Whew...that was a long day! One took about 13hours and one took about about 16hours and delayed dinner by 2 hours, but the family handled it well. Once they started eating it, they were happy they did. Both were spot on! I'm impressed with how the butcher's paper retains the bark!! But it sure did not help with the 3 hour stalls they want through. Both were probe tender at 205 and rested for min 2hours in a warmed cooler and 30min still wrapped on the counter. One family member is a certified KCBS judge so smokes are always a little pressure.
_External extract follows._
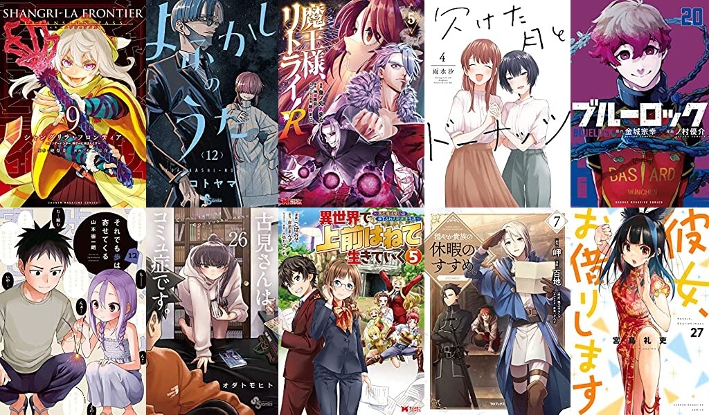 講談社からはアニメ化&ゲーム化決定「シャングリラ・フロンティア 9巻」に、アニメ放送中「それでも歩は寄せてくる 12巻」、ほか「ブルーロック 20巻」「彼女、お借りします 27巻」「カッコウの許嫁 13巻」「黒岩メダカに私の可愛いが通じない 5巻」「はじめの一歩 135巻」「甘神さんちの縁結び 6巻」「戦隊大失格 6巻」など20冊以上が発売。

Be he was impressed. Sorry never thought about pictures, but being up fro 24 hours who came blame me.


----------



## ohiogrown (May 28, 2017)

20170527_182810.jpg



__ ohiogrown
__ May 28, 2017


----------



## ohiogrown (May 28, 2017)

20170527_182818.jpg



__ ohiogrown
__ May 28, 2017


----------



## ohiogrown (May 28, 2017)

20170527_182807.jpg



__ ohiogrown
__ May 28, 2017


----------



## sportgd (May 28, 2017)

Great job! Nice pics


----------



## jangell2 (May 28, 2017)

I will be doing my first bracket tomorrow, or should I be starting tonight?  It's a half brisket, weighs about 4 lbs and will be smoking on my MES with the amnps.  Can I start the brisket at 8 in the morning and have it ready by 5pm?  What is the internal temperature I want to reach?  I've been cautioned not to put liquid in the water pan, is that ok with a brisket?


----------